Reproduce exactly, and only, the lines of the material below running from the line bearing "2、月儿村站:车站位于团结路" through the line bearing "Serie SANCHICA. Fabricado". Leave any pictures out.

GIVEN DATA »
━━━━━━━━━━━━━━━━━━━━
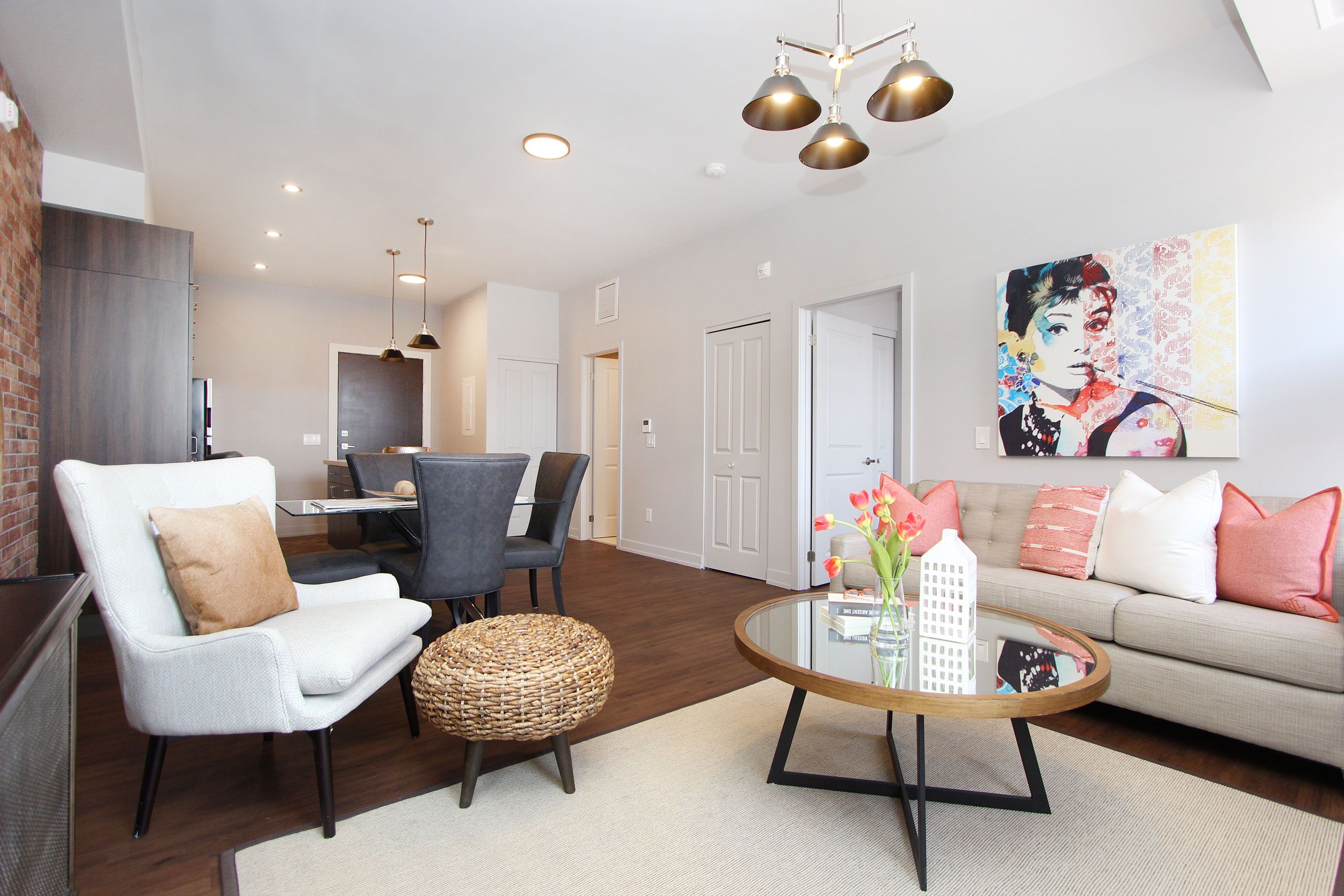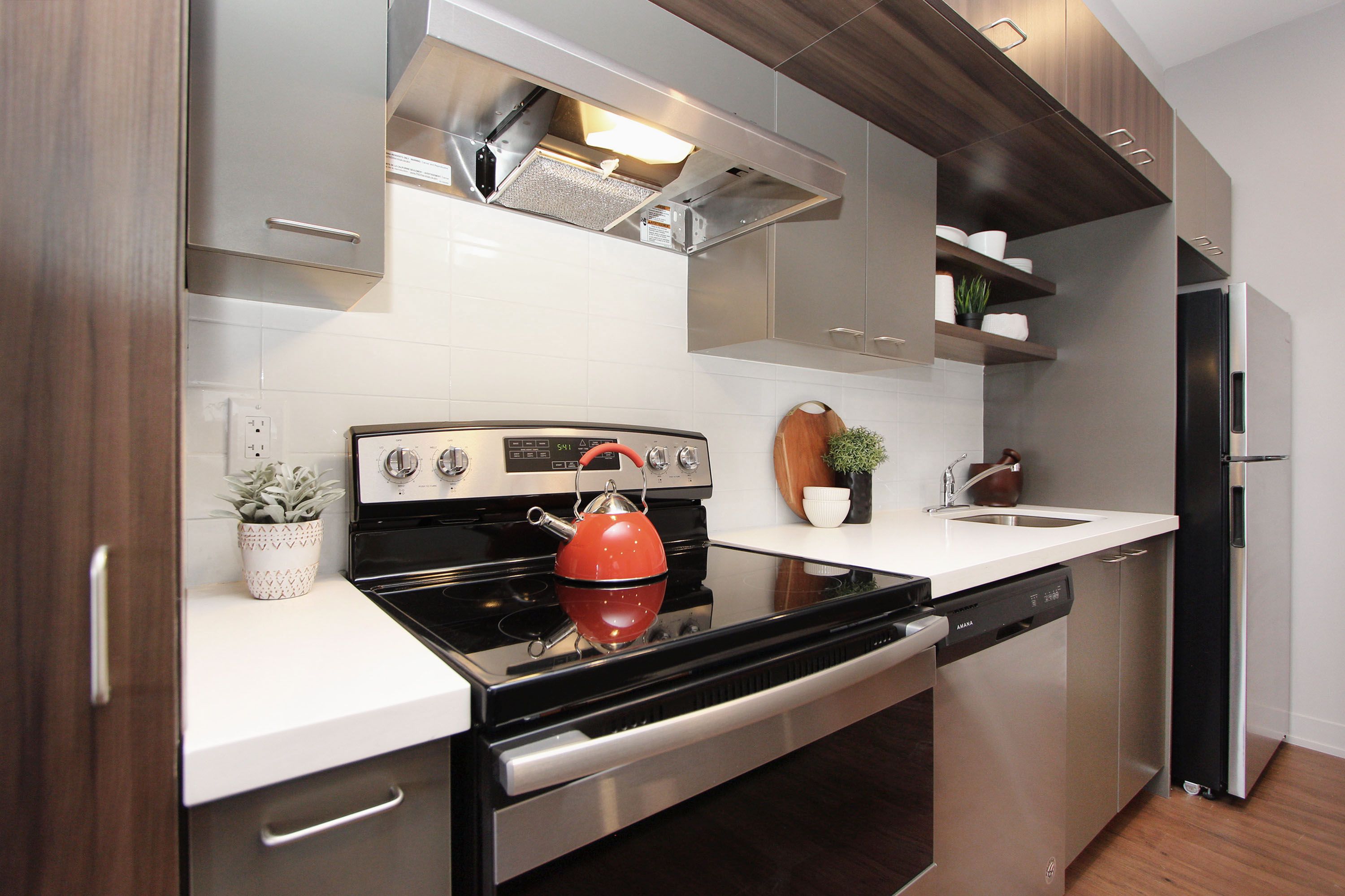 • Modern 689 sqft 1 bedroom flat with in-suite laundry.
━━━━━━━━━━━━━━━━━━━━
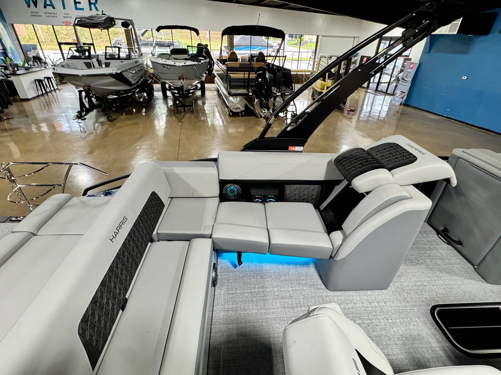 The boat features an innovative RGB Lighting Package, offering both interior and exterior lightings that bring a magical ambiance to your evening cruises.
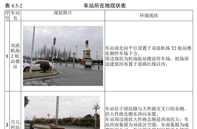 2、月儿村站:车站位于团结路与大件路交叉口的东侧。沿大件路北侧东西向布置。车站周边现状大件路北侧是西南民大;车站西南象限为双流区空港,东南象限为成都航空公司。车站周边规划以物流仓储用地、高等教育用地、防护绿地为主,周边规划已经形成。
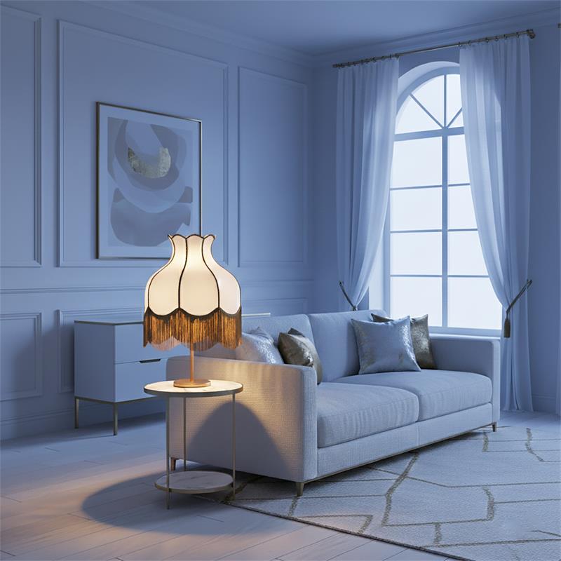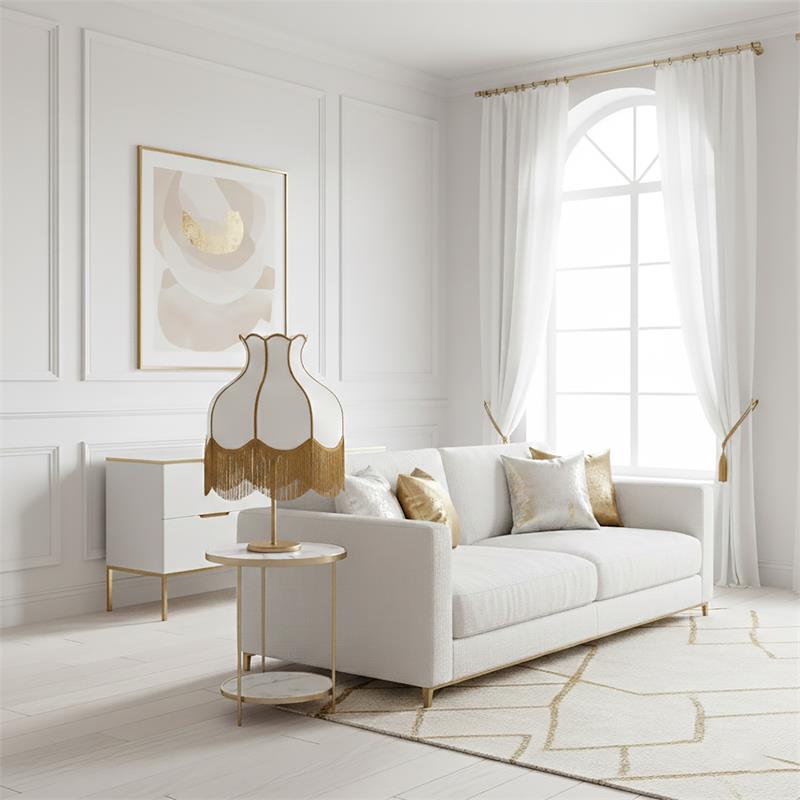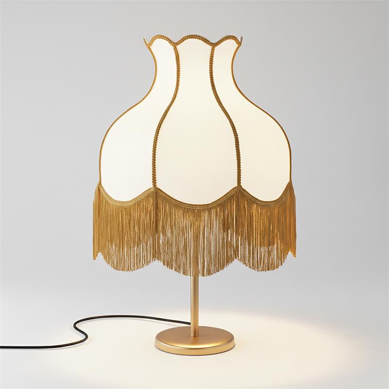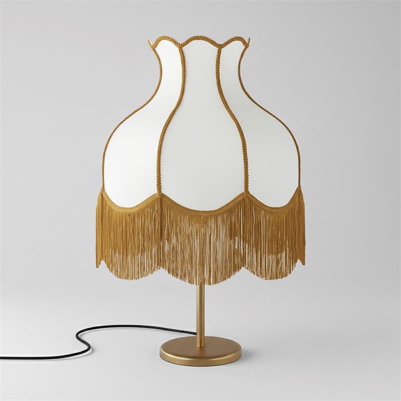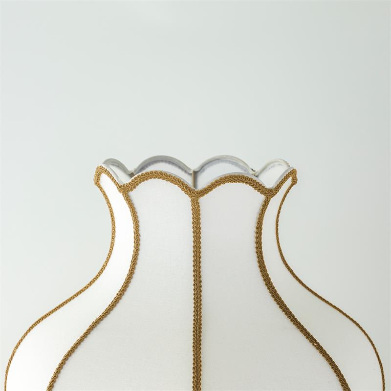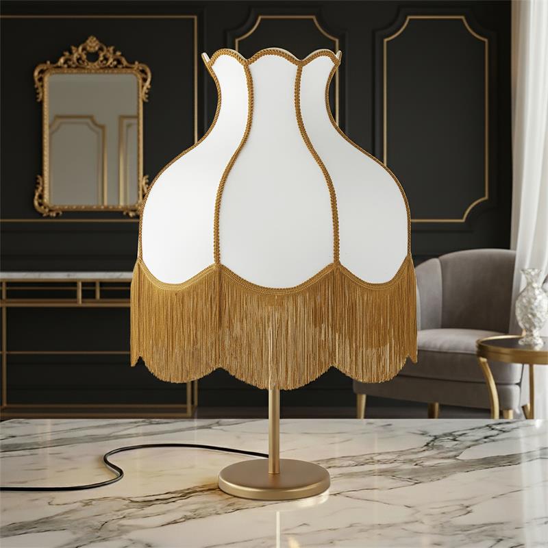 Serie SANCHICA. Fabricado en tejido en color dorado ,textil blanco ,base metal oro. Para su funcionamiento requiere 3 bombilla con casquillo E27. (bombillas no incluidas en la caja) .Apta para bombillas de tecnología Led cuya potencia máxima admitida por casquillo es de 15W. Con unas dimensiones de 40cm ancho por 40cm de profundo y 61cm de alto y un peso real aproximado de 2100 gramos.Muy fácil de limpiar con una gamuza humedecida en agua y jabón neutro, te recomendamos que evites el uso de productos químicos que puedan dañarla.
━━━━━━━━━━━━━━━━━━━━
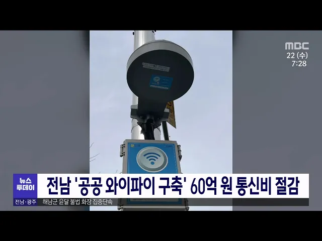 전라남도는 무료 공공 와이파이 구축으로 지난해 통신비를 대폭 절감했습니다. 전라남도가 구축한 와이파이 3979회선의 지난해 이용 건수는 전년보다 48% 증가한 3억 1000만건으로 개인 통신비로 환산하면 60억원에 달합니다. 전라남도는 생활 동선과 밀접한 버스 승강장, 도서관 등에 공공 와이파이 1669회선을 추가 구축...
━━━━━━━━━━━━━━━━━━━━
ANSWER FOR THE TASK »
 2、月儿村站:车站位于团结路与大件路交叉口的东侧。沿大件路北侧东西向布置。车站周边现状大件路北侧是西南民大;车站西南象限为双流区空港,东南象限为成都航空公司。车站周边规划以物流仓储用地、高等教育用地、防护绿地为主,周边规划已经形成。
 Serie SANCHICA. Fabricado en tejido en color dorado ,textil blanco ,base metal oro. Para su funcionamiento requiere 3 bombilla con casquillo E27. (bombillas no incluidas en la caja) .Apta para bombillas de tecnología Led cuya potencia máxima admitida por casquillo es de 15W. Con unas dimensiones de 40cm ancho por 40cm de profundo y 61cm de alto y un peso real aproximado de 2100 gramos.Muy fácil de limpiar con una gamuza humedecida en agua y jabón neutro, te recomendamos que evites el uso de productos químicos que puedan dañarla.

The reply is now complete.